TASK STATEMENT >> For the entries below, return every line from the top through the line with "For today’s post, we" exactly as it stands, omitting pictures.

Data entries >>
========================================================================

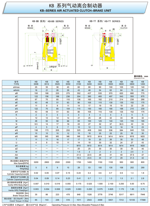 薄型氣動離合器OMPI KB0200 KB0400產品反應快,適用于聯接及制動。不拆卸也可交換摩擦片,適用內徑范圍20~220mm ,當空氣壓0~4mpa時轉距范圍為100~400000N M
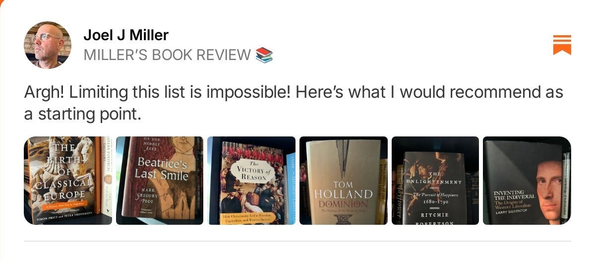 For today’s post, we invited Substack writers and readers to contribute their recommendations for trustworthy books that tell the history of the West and the world more generally2.
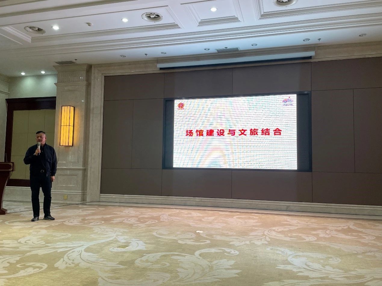 浙江大丰体育设备有限公司为杭州亚运会36个场馆提供了演艺装备智造、场馆核心产品和整体解决方案。本次会议,副总裁吴坚与大家分享了《场馆建设与文旅结合》。
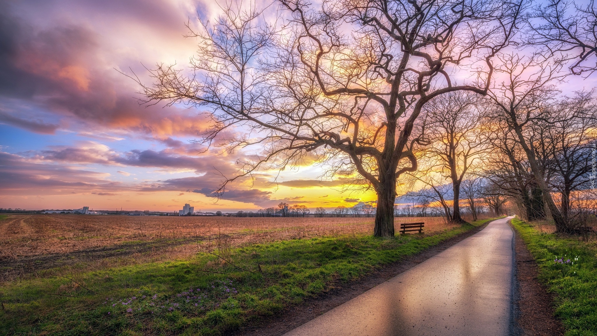 Edytor tapety: Ławka pod drzewem obok pola i drogi
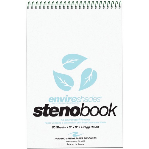 Steno Book, Gregg Rule, 60 Sheets/PD, 6"x9", 12/PK, GN Tint
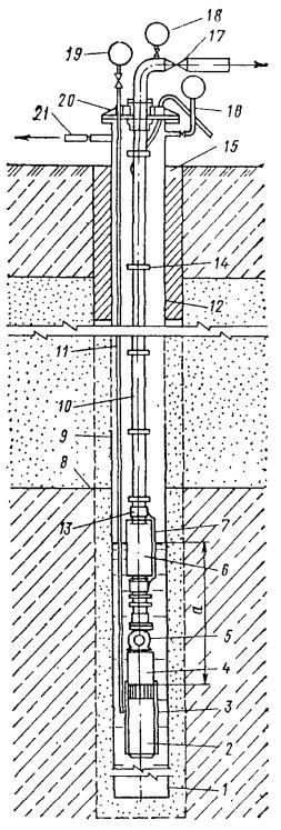 Рис. 40. Вакуум-скважина 1 - отстойник; 2 - электродвигатель; 3 - кожух; 4 - насос; 5 - обратный клапан; 6 - стабилизатор динамического уровня; 7 - кабель; 8 - поверхность водоупора; 9 - фильтр; 10 - напорный трубопровод; 11 - трубка прибора для измерения уровня воды в скважине; 12 - надфильтровая труба; 13 - муфта; 14 - «пояс»; 15 - глиняный тампон; 16 - трубка вакуумметра; 17 - вентиль; 18 - манометр; 19 - вакуумметр; 20 - крышка; 21 - трубка для подключения вакуум-насоса в) с обратной промывкой чистой водой (всасывающее бурение) - для скважин глубиной до 300 м и диаметром до 1000 мм и более при отсутствии включений валунов, больших скоплений крупной гальки и при залегании уровня подземных вод на глубине 3 м и ниже от поверхности земли. При бурении с промывкой в набухающих грунтах должны применяться специальные реагенты, препятствующие набуханию; в крепких грунтах к промывочной жидкости следует добавлять понизители твердости. В соответствующих условиях вышеуказанные способы могут применяться и в различных сочетаниях. Диаметр бурения под фильтровую колонну принимается по наружному диаметру предусмотренной проектом фильтрующей обсыпки. При применении фильтров без обсыпки диаметр бурения должен быть больше диаметра фильтра на 50-100 мм. В процессе бурения скважин следует отбирать образцы и определять зерновой состав грунтов, уточнять литологический разрез в месте скважины, а при бурении без крепления выполнять электрокаротаж для уточнения интервалов установки фильтров. В неустойчивых грунтах скважины при бурении должны закрепляться обсадными трубами. В телескопическом креплении скважин предусматриваются, как правило, следующие колонны обсадных труб: шахтовое направление, кондуктор, технические колонны. Нижняя часть каждой колонны оборудуется короткой утолщенной трубой (0,4-0,5 м) с коническим срезом (башмак). При ударном бурении в неустойчивых грунтах крепление скважин должно производиться одновременно с разработкой грунтов, при этом башмак обсадной колонны должен опережать забой скважины не менее чем на 0,5 м. При опускании в незакрепленную скважину колонны обсадных труб зазор между ними и грунтом в зависимости от геологического разреза, типоразмеров породоразрушающего инструмента, высоты незакрепленного участка скважины и способа цементирования затрубного пространства (при необходимости в нем) принимается: при диаметре труб до 700 мм 80-100 мм » » » более 700 мм 100-150 » Конечный диаметр бурения скважин для сквозных фильтров должен назначаться с учетом размещения в скважине прибора для определения координат ее забоя. В скважинах, предназначенных для установки в них насосов с трансмиссионным валом, отклонение от вертикали не должно превышать 0,005 от глубины скважины. Колонны обсадных труб для временного закрепления стенок скважины, не предусмотренные на период ее работы в водопонизительной системе, должны извлекаться. В колоннах обсадных труб, предусмотренных проектом для оставления в грунте на период эксплуатации скважины, должна извлекаться их свободная часть. При этом верхний обрез обсадной трубы, остающейся в скважине, должен находиться выше башмака предыдущей колонны не менее чем на 3 м при глубине скважины до 50 м и не менее чем на 5 м при большей глубине скважины; кольцевой зазор между оставшейся частью колонны и предыдущей колонной обсадных труб должен б

========================================================================

RESULT FOR THIS TASK >>
 薄型氣動離合器OMPI KB0200 KB0400產品反應快,適用于聯接及制動。不拆卸也可交換摩擦片,適用內徑范圍20~220mm ,當空氣壓0~4mpa時轉距范圍為100~400000N M
 For today’s post, we invited Substack writers and readers to contribute their recommendations for trustworthy books that tell the history of the West and the world more generally2.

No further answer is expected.